Don't find it particularly confusing though after having it read top to bottom, what exactly do you think is unclear? |
I always was an opponent of "license zoo" (while pragmatically understanding that will be source code with multiple licenses).
So, it now goes for a long way in explaining how/why it's so, but of course doesn't explain enough, because it should mention that any GPL parts are for build and support scripts, which are not part of the result binary and don't affect its licensing, etc., etc. All that stuff doesn't have to be in the contents of the LICENSE file. If there's a motion that licenses of all 3rd-party projects should be collected in one visible place, then it should be a separate motion, went to something like LICENSES.ext, and should be concatenation of the license texts, not some novelties like SPDX tags. IMHO, that should be enough. If someone entity wants a more detailed report, it may order it (up to date version of it!) from George Robotics, independent IP firm, or on-staff lawyers.
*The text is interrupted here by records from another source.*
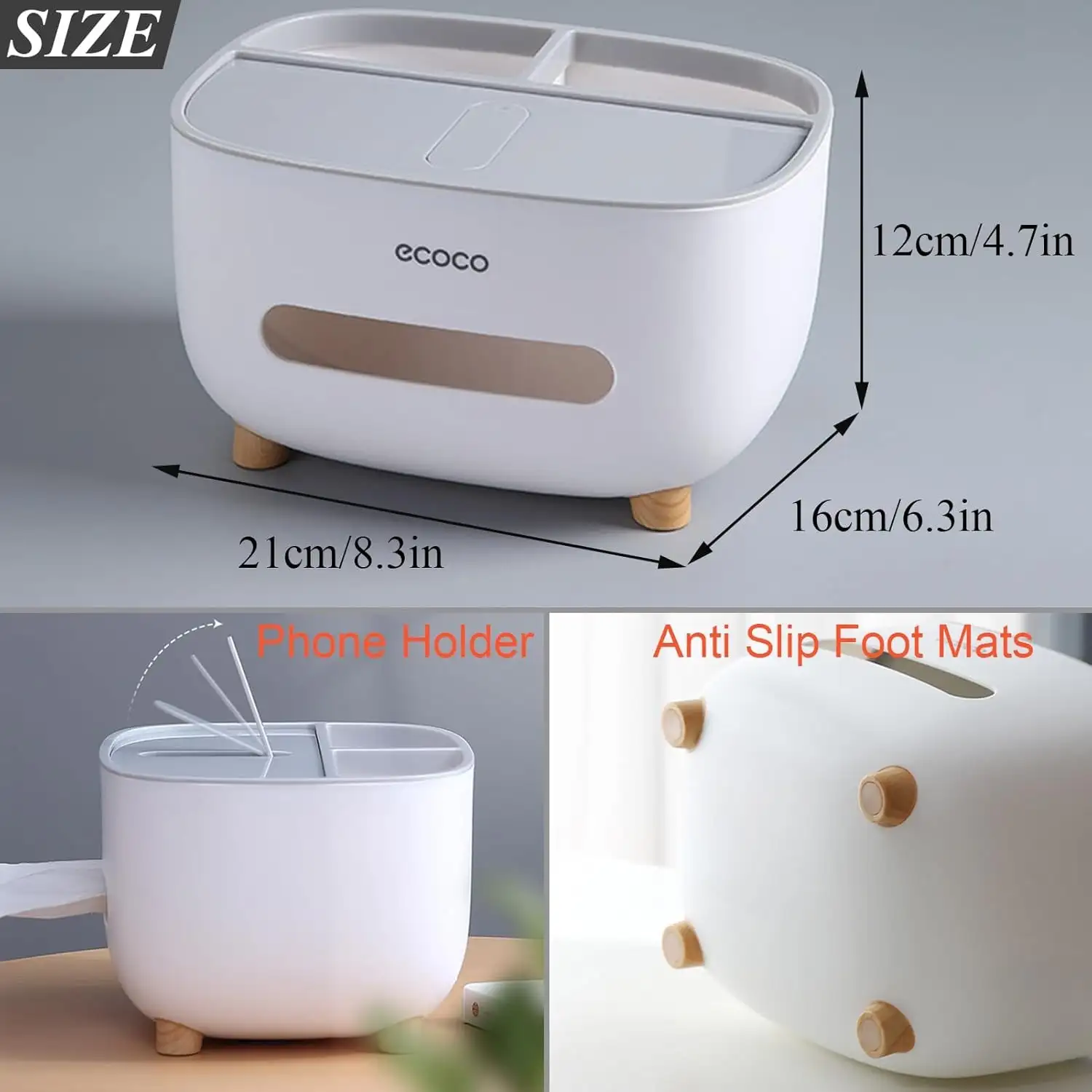 a multifunctional tissue storage box for use in your bedroom or office. Get a product of high quality and elegant design to match your place decor. This storage box is perfect for storing tissues and other small items. Make your life more organized with this practical and modern solution. Get it now from PRIME SHOP ️ Enjoy the style and effectiveness of the product. Perfect for home, living room, bedroom, study, office, car interior use. 1. Simple design, novel and cute, high-foot design, suitable for drawing paper boxes placed on the desktop. 2. Multifunctional tissue box, in addition to placing tissues, it also has a storage function, which is used to store small items such as keys and remote controls. 3. Concealed lid opening handle, just press it lightly to rotate the arc to open the lid. 4. The top opening handle can also be used as a mobile phone holder. 5. Small size and large space, make the desktop more tidy. Beautiful-looking and functional tissue box keeps your desk organized while keeping tissues within reach. Rectangular Tissue Box Tissue Drawer Tissue Box Holder Facial Tissue Holder for Bathroom Decoration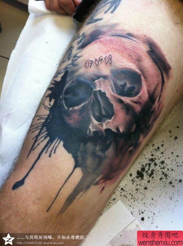 一张喷墨骷髅纹身作品
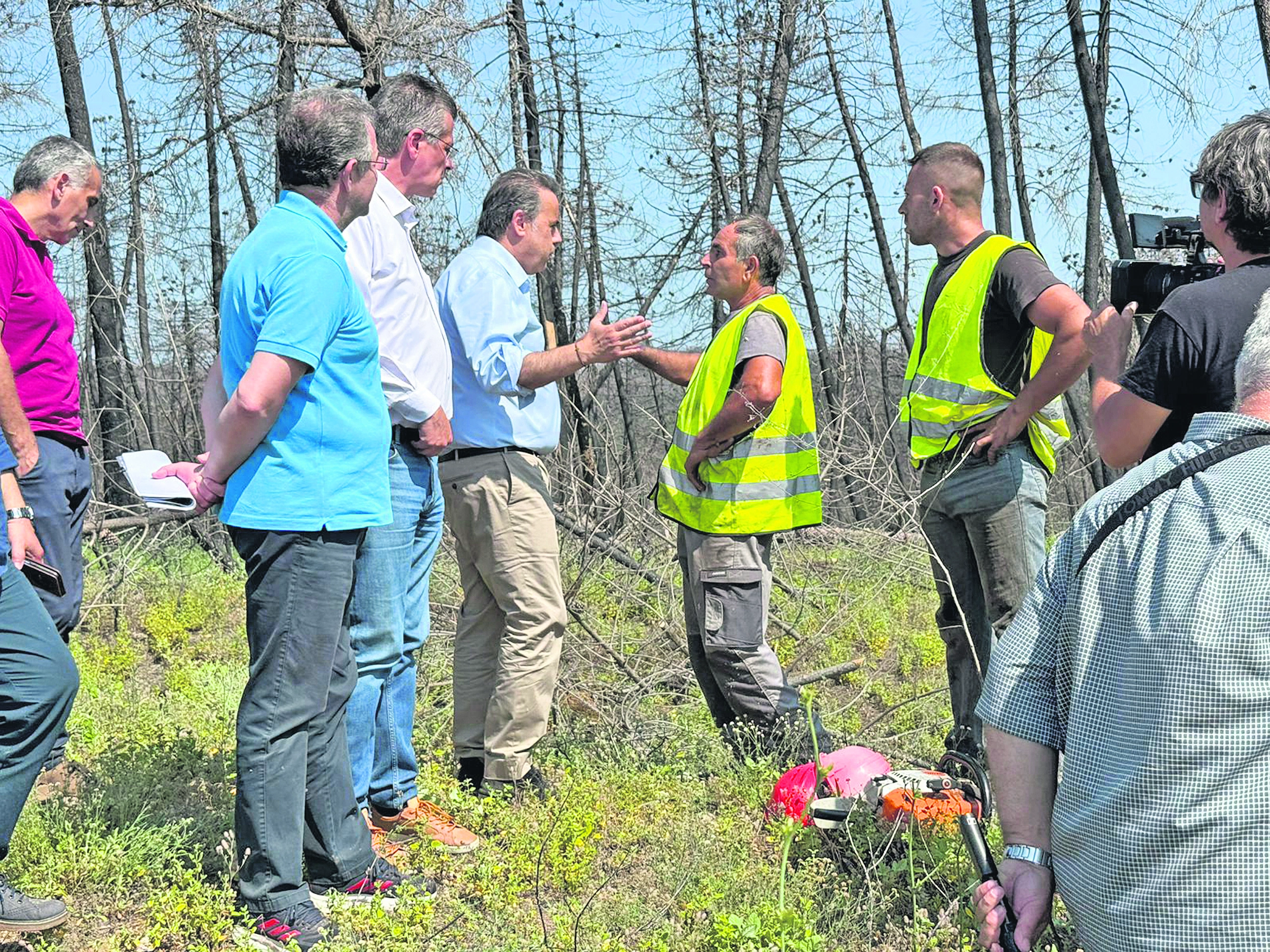 Περισσότερα σε σχέση με την περίοδο πριν από τις καταστροφικές πυρκαγιές στη Δαδιά είναι τα ζευγάρια του μαυρόγυπα που έφτιαξαν φέτος φωλιές, ενώ και η χλωρίδα αναγεννιέται, όπως ανέφερε ο υπουργός Περιβάλλοντος και Ενέργειας, Σταύρος Παπασταύρου, ο οποίος επισκέφθηκε πρόσφατα την περιοχή και επιθεώρησε τα εκεί αντιδιαβρωτικά και αντιπλημμυρικά έργα (αριστερά, φωτογραφικό στιγμιότυπο από την επίσκεψη).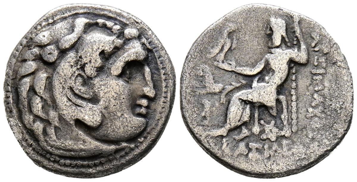 REYES DE TRACIA, Lysimachos. Dracma. (Ar. 4,01g/17mm). 305-281 a.C. Kolophon. (Price 1840; HGC 3, 1751d). Anv: Cabeza de Heracles con piel de león a derecha. Rev: Zeus sentado a izquierda portando cetro y águila, debajo del trono pentagrama, delante parte delantera de león y letra griega, detrás leyenda griega. MBC-.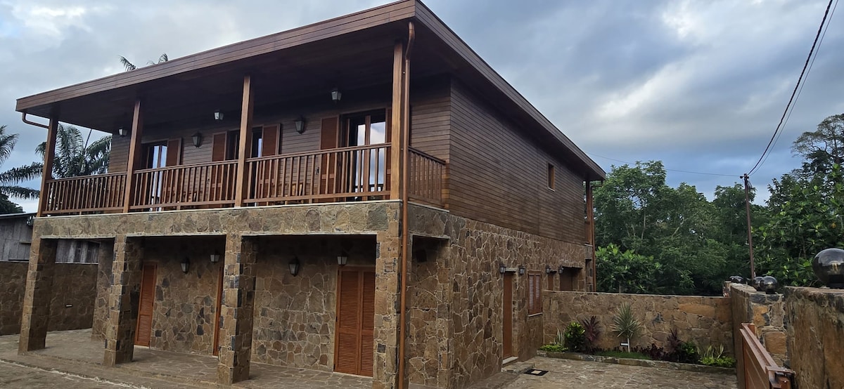 Descubra o paraíso em Torres Dias, São Tomé e Príncipe. Rodeada por natureza tropical, esta propriedade inclui duas casas independentes, ideais para famílias ou grupos. A casa do piso de baixo, acomoda 4 pessoas, com 2 quartos, cozinha equipada, sala com TV e estacionamento privado. Ambas partilham uma piscina no jardim, perfeita para relaxar e aproveitar a tranquilidade e beleza natural da ilha incríveis!!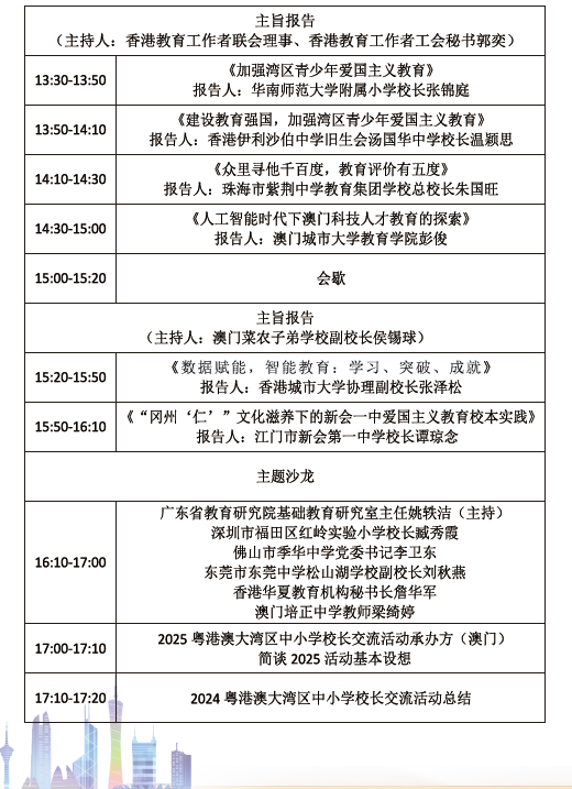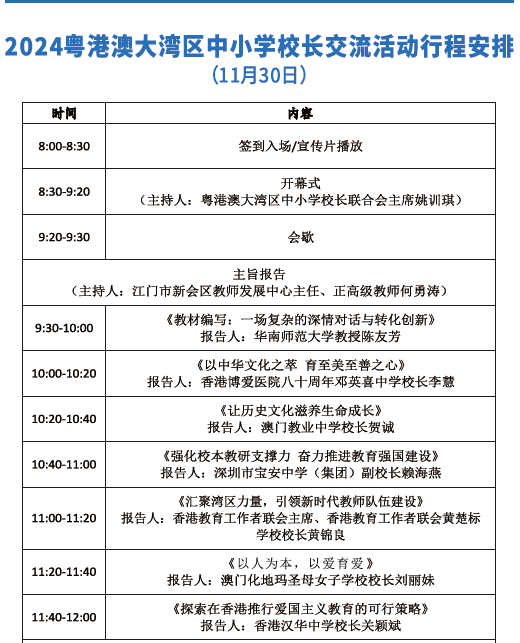 为全面落实教育强国建设战略任务,深入贯彻《粤港澳大湾区规划纲要》,搭建粤港澳中小学校长交流平台,积极履行新时代赋予粤港澳大湾区中小学校长的使命与责任,决定举办2024粤港澳大湾区中小学校长交流活动。
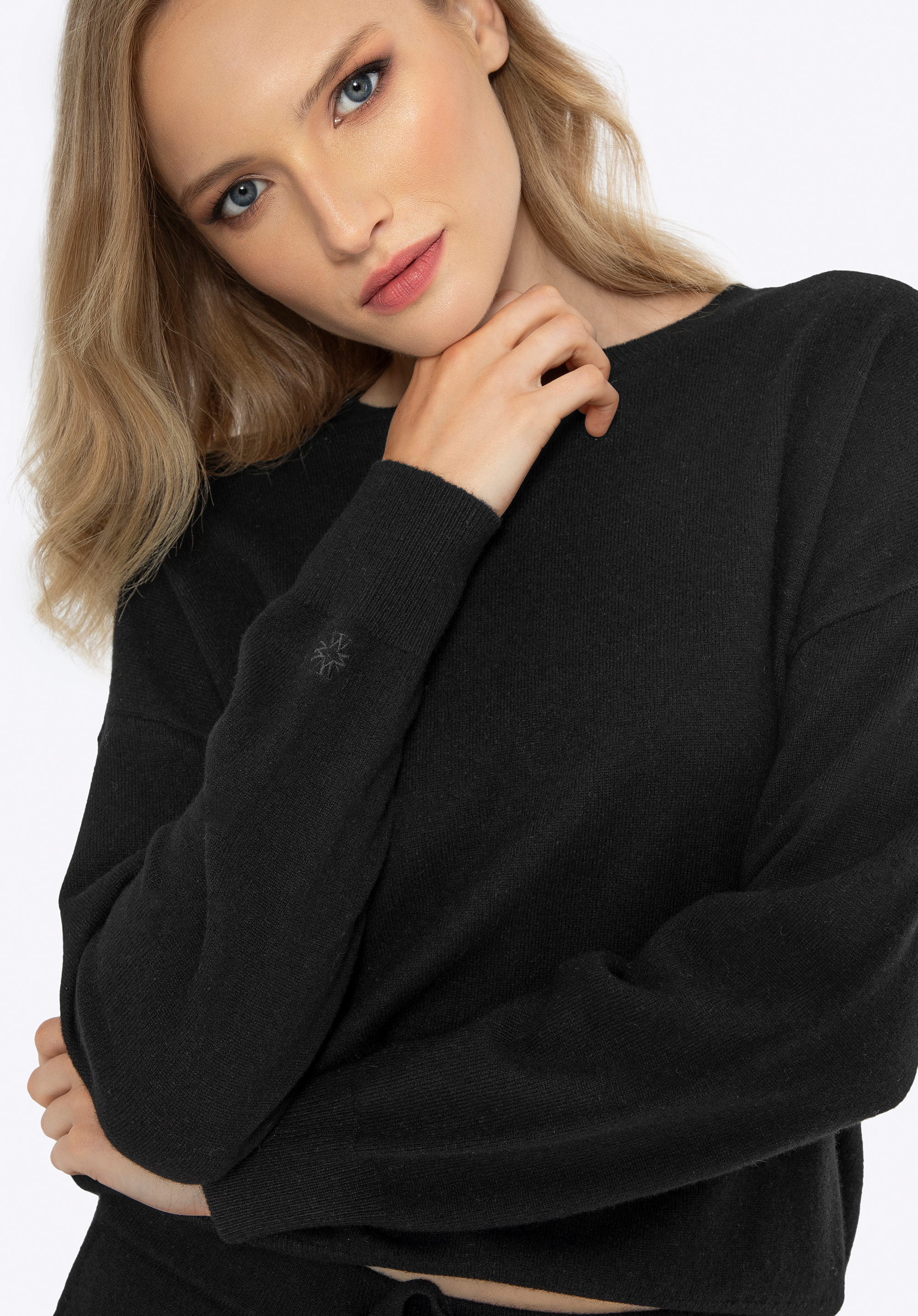 - Деталі: витончена монограма на лівій кишені штанів і правому рукаві светра додає унікального характеру та класу всьому.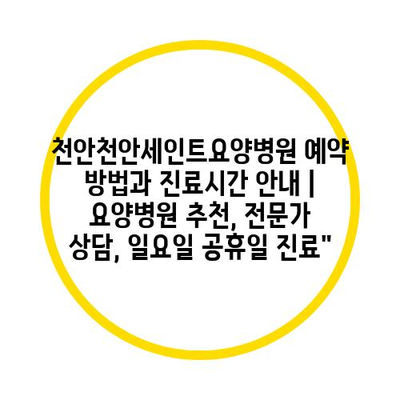 천안천안세인트요양병원 예약 방법과 진료시간 안내 | 요양병원 추천, 전문가 상담, 일요일 공휴일 진료”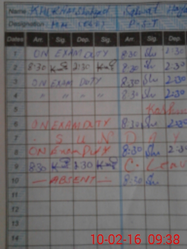 | CNIC | Full Name | Designation | R/C | Absence During Last Calender Month |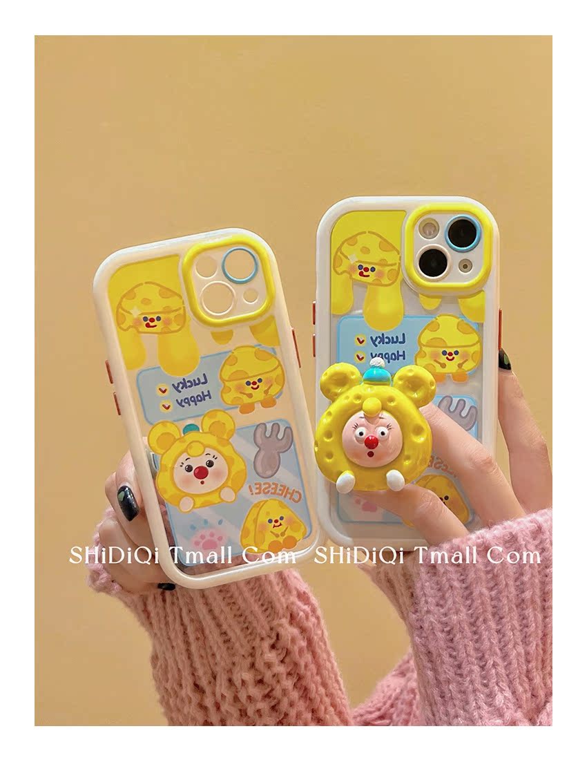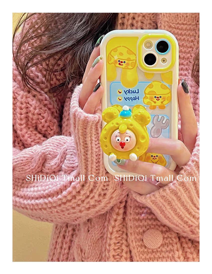 可愛卡通奶酪公仔支架適用蘋果14pro max手機殼iphone13新女款12硅膠軟殼11女款14pro創意13promax防摔手機套

I'm not sure why open-source project would be burdened with maintaining such reports. (Again, the original topic, as brought by #4363, was the issue that existing, and pretty lean, copyright tracking infra got out of date/wasn't maintained well). |
Exactly, it's there to let users know what licenses are contained in a full build, which is not just MIT but also the licenses for all the components.
Well, that's just reflecting the complexity of licensing and copyright in general, the fact that there are many contributors to this project, and that there are lots of 3rd party components with their own licenses. There's not really any way to get around this fact. And the proposal here is intended to be a user-friendly summary of the (complex) situation.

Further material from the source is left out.